Film menjadi salah satu media yang cukup positif untuk membangkitkan kembali modal sosial kita yang akhir-akhir ini jarang kita pakai. Sejarah memang masa lalu, tapi sejarah adalah penentu bagi masa depan bangsa ini.

Soekarno pernah menyatakan bangsa yang besar adalah bangsa yang mampu menghargai jasa-jasa para pahlawannya. Inilah pesan politik yang semestinya menjadi renungan bagi semua anak bangsa, terutama yang berniat masuk dalam gelanggang politik sebagai jalan untuk menuju kepemimpinan bangsa ini.

Partai politik sebagai entitas demokrasi mau tidak mau harus melihat hal ini sebagai jawaban agar partai juga mampu memaksimalkan fungsinya untuk menyiapkan politisi-politisi yang tangguh, bersih, dan tentu saja punya wisdom. Kaderisasi politik menjadi tantangan bagi sebuah partai agar tidak bertumpu pada persoalan pemilihan umum, apalagi sekadar berkutat pada pengisian jabatan politik semata.

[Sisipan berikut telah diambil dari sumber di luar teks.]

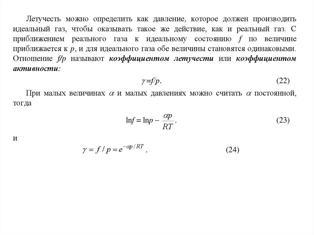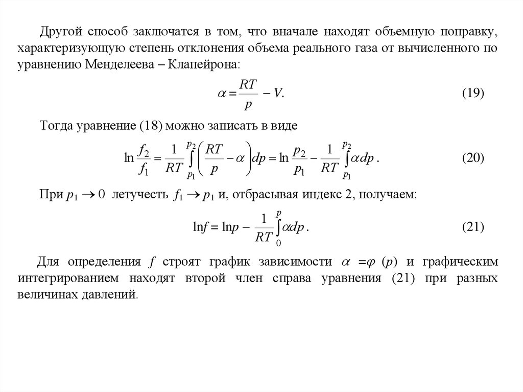температурах. Основой для вычисления летучести являются уравнения (13) и (14).
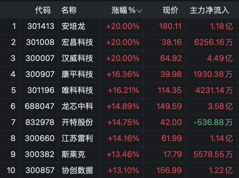 市场热点方面,机器人产业链全线走强,板块指数高开高走,以最高点报收。板块内个股掀涨停潮,安培龙、宏昌科技、汉威科技等多股20%涨停,万向钱潮、三花智控、双环传动等超40股涨停或涨超10%。
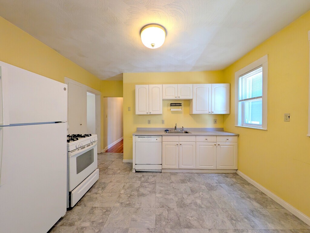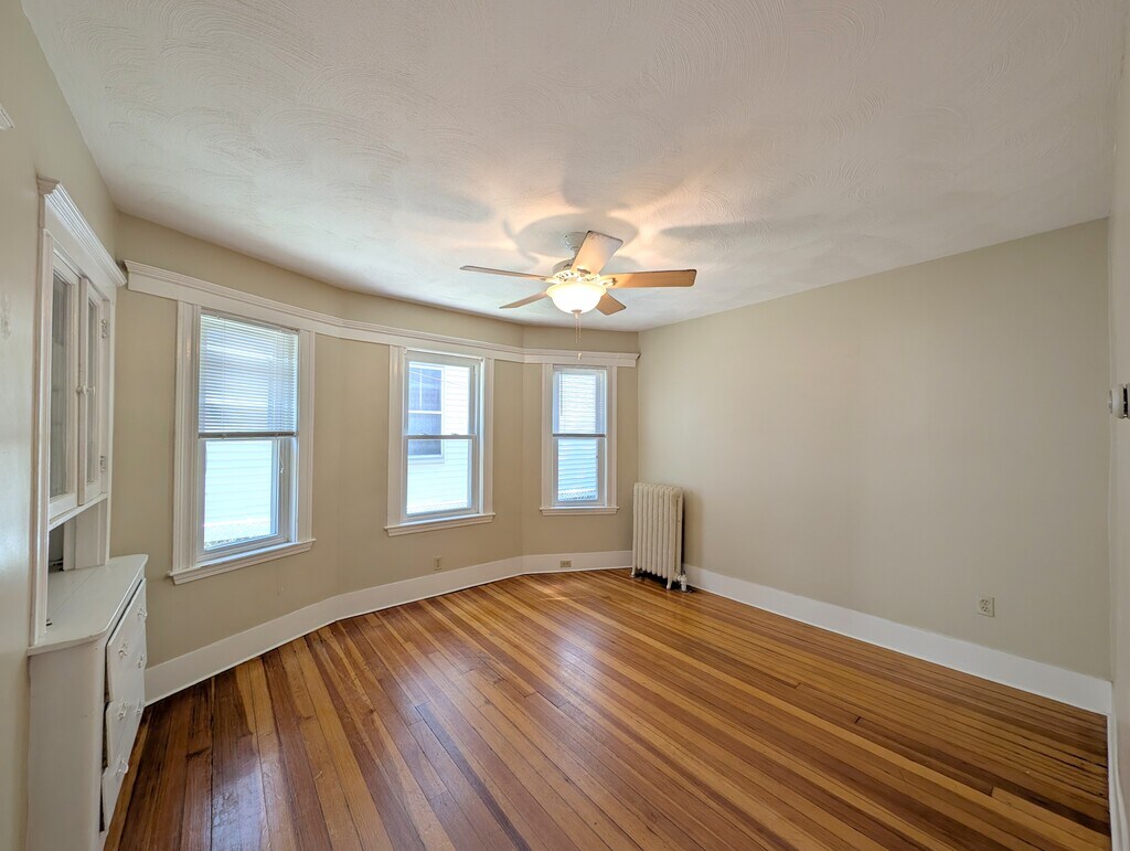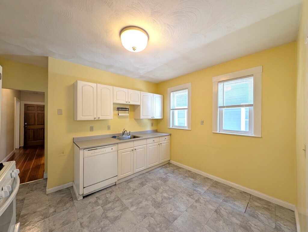 First floor unit in a 3 unit house. Hardwood floors throughout. Eat-in kitchen with refrigerator, stove, dishwasher, pantry storage, and room for a dining table. Sunny living room with bay window and built-in storage. Each of the three bedrooms has a closet. Tile bathroom. Storage and laundry available in the basement. Back porch just for this unit as well as a shared yard. Off street parking available. One cat negotiable. Available immediately OR June 1, 2026.
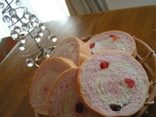 表紙のマーブル模様のパンに惹かれて、上田まり子さんのホシノ天然酵母のホームベーカリー・パンレシピを図書館で借りてきました。レシピではココア生地とのマーブルでしたが、製菓材料のストロベリーパウダーとドライストロベリーが残っていたことを思い出し、水で溶いたパウダーと、小さくカットしたドライストロベリーを加えたピンクのパン生地にしてみました。なかなか思うようなマーブル模様にはなりませんでしたが、お菓子では使い切れなかったストロベリーパウダーの使い道が見つかって、よかったパウダーは加減が難しく、今回はちょっと入れすぎて、色がかなりどぎつい・・・(@_@;)色ほど味は強烈ではなく、ほんのりいちごの香りがするパンです。こちらは先日焼いたグラハムクレッセント。粗びきのグラハム粉がたっぷり入っています。こういうパンはサンドイッチにするのがぴったりこれも同じ本のレシピで、ハイジの白パン。なんてことのないシンプルなパンですが、娘の大好物で、何もつけずにそのままパクパクこのパンがあると、おやつの時間にもこれを食べますホシノ天然酵母のホームベーカリー・パンレシピドライフルーツ ストロベリー

Ada fungsi yang jauh lebih mulia bagi partai politik yakni pendidikan dan kaderisasi politik agar partai tidak sekadar menjadi konsumen bagi ajang pemilu dan pilkada sebagai kontestasi politik. Partai politik semestinya menjadi produsen yang melahirkan kaderkadernya sebagai pemimpinpemimpin politik yang dibutuhkan oleh negeri ini.

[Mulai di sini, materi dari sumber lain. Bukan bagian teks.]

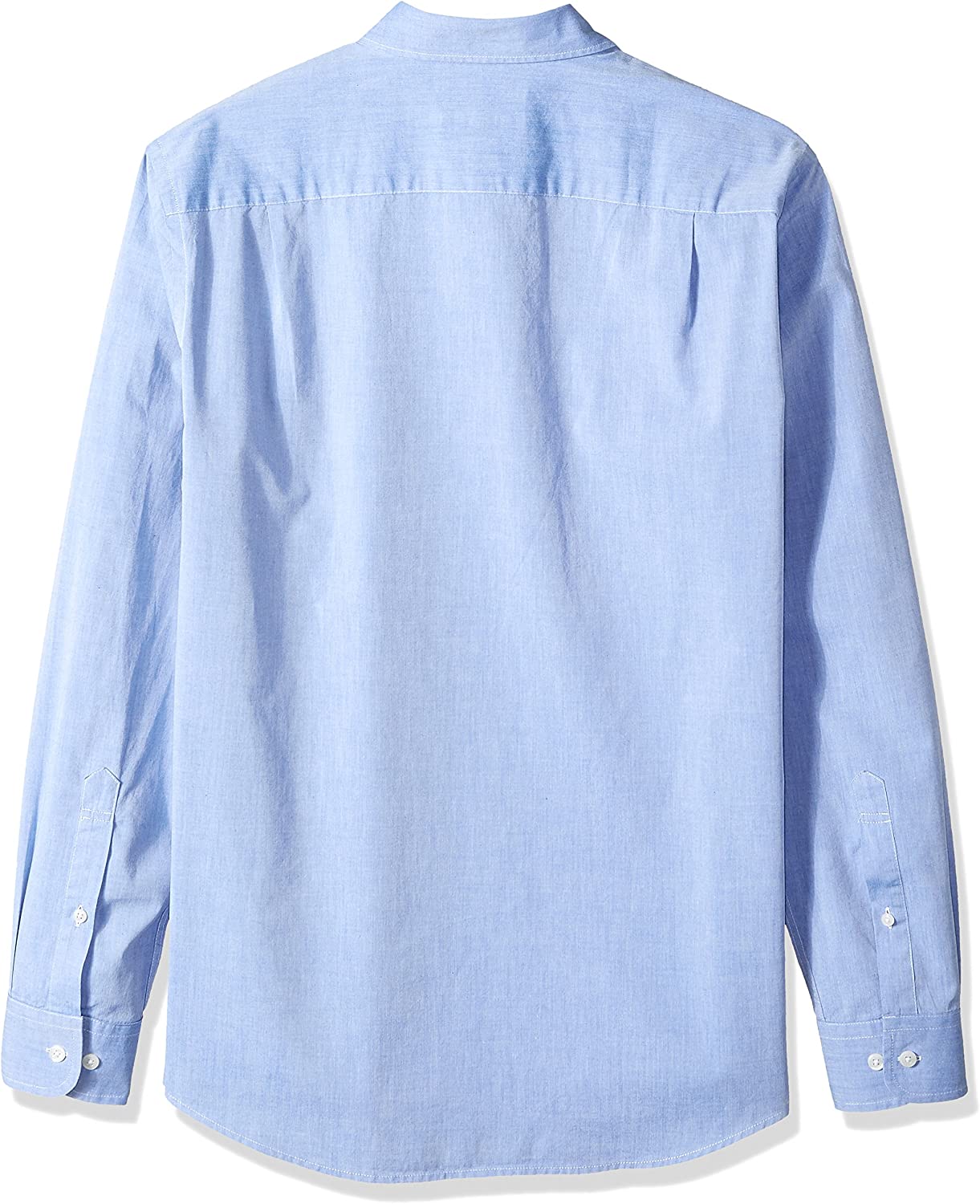 Spread collar, rounded barrel cuffs, straight back yoke with side pleats

Pemimpin politik seperti apa yang dibutuhkan oleh bangsa ini? Pemimpin-pemimpin politik yang negarawan. Pemimpin politik yang sepi terhadap popularitas, namun ramai dengan pengabdiannya kepada rakyat. Pemimpin politik yang mengedepankan kemajuan dan kesejahteraan rakyatnya dibandingkan kemakmuran pribadi dan golongannya.

Pemimpin yang selalu terpanggil dengan jeritan rakyatnya dibandingkan perintah partainya. Itulah kerinduan kita pada sosok negarawan, politisi kebangsaan, yang akhir-akhir ini hampir jarang kita jumpai. Semoga kita masih memiliki harapan untuk menjumpainya.